In the group of carbohydrates, fats and proteins, these are the food groups that we usually get completely (and often get too much) ufabet https://ufabet999.app. While the group of vitamins and minerals is often lacking regularly. Especially in the group of water-soluble vitamins such as vitamin B and vitamin C. Because the body excretes them every day in the form of urine, unlike the group of vitamins A, D, E and K that are soluble in fat. So they can accumulate in the body, but are still need by the body each day. The body needs different types of vitamins as follows:

Vitamin A

Helps to nourish vision, bones, teeth, gums, and skin inflammation and dark spots. The body needs 800 micrograms per day.

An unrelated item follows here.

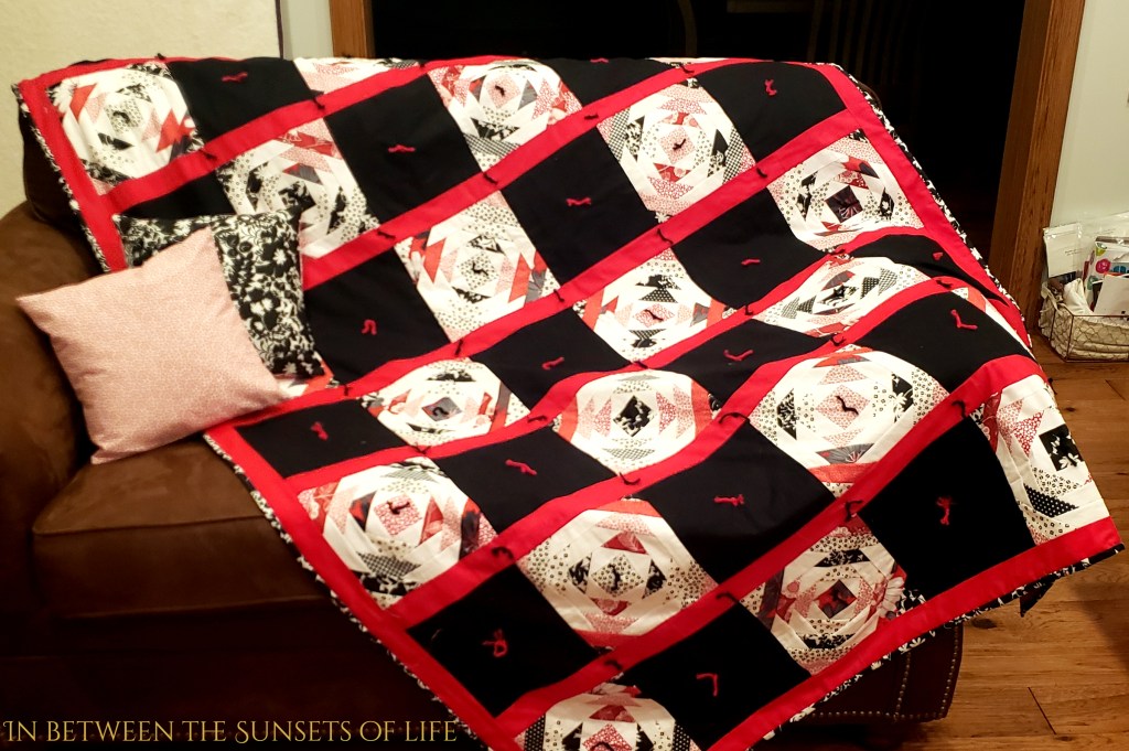 The first giveway was in February to celebrate Valentine’s Day and I had the perfect quilt to share! It was bold with red, black and white! I had never made this pattern before except for a single block. It was time consuming but also a good way to practice my skills. It is called the pineapple pattern and I just used up scraps from my fabric stash.

There are many types of B vitamins

Including vitamins B1, B2, B3, B5, B6, B9, B12, and biotin (all of the B vitamins). Each type provides different benefits to the body and the body requires different amounts, as follows:

  • Vitamin B1 (Thiamine) helps nourish the nervous system, brain, growth, muscle, and heart function. It can treat shingles and numbness, and relieve motion sickness, seasickness, or airsickness. The body needs 5 milligrams per day.
  • Vitamin B2 (riboflavin) helps nourish the skin, hair and nails. It is involved in the growth and reproductive system. It also helps improve vision, reduces eye fatigue from work, and reduces pain from migraines. The body needs 7 milligrams per day.
  • Vitamin B3 (Niacin) plays an important role in reducing cholesterol and triglyceride levels in the body, helps burn fat, improves the digestive system, and reduces dizziness from Meniere’s disease. The body needs 20 milligrams per day.
  • Vitamin B5 (Pantothenic Acid) helps strengthen the body’s immune system, prevents fatigue, helps reduce cholesterol and triglyceride levels, treats numbness in the hands and feet. The body needs 6 milligrams per day.
  • Vitamin B6 (pyridoxine) prevents kidney stones, reduces the risk of heart disease, helps the body absorb protein and fat better, prevents neurological diseases and some skin diseases, and helps strengthen the body’s immune system. The body needs 2 milligrams per day.
  • Vitamin B9 (folate) helps nourish the skin, solves uneven skin tone, prevents canker sores, intestinal parasites, and food poisoning allergies. If take together with PABA and vitamin B5, it can help slow down graying of hair. The body needs 200 micrograms per day.
  • Vitamin B12 (cobalamin) nourishes the nervous system, strengthens the nervous system, increases concentration, memory and balance, relieves irritability, reduces stress, increases energy for the body and enables the body to use fat, protein and carbohydrates appropriately. The body needs 2 micrograms per day.
  • Biotin (Vitamin B7) helps maintain healthy skin, hair and nails, relieves muscle aches and pains. And helps burn fat and protein. The body needs 150 micrograms per day.

    Vitamin C

    Helps fight free radicals, slows down aging, reduces wrinkles, enhances the immune system to be strong and effective, prevents colds, prevents bleeding gums. The body needs 60 milligrams per day.

    Vitamin D

    Helps the body use calcium and phosphorus, which are necessary for bone and tooth function. It also helps prevent colds (when take with vitamins A and C). The body needs 5 micrograms per day.

    Vitamin E

    Protects against free radicals, slows down the process of cell deterioration, prevents the oxidation of bad cholesterol (LDL Cholesterol), reduces the risk of coronary artery disease, including stroke. The body needs 10 milligrams per day.

      Vitamin K

      Prevents internal bleeding and bleeding that does not stop, relieves symptoms of heavy menstrual periods. Helps in the process of blood clotting, prevents brittle bones. The body needs 80 micrograms per day.

        The amount of vitamins that the body should receive in a day may not seem like much. It is essential and if you receive too much. It can have negative effects as well even water-soluble vitamins should be consum in the right amount. Not too much or too little to have the best effect on the body.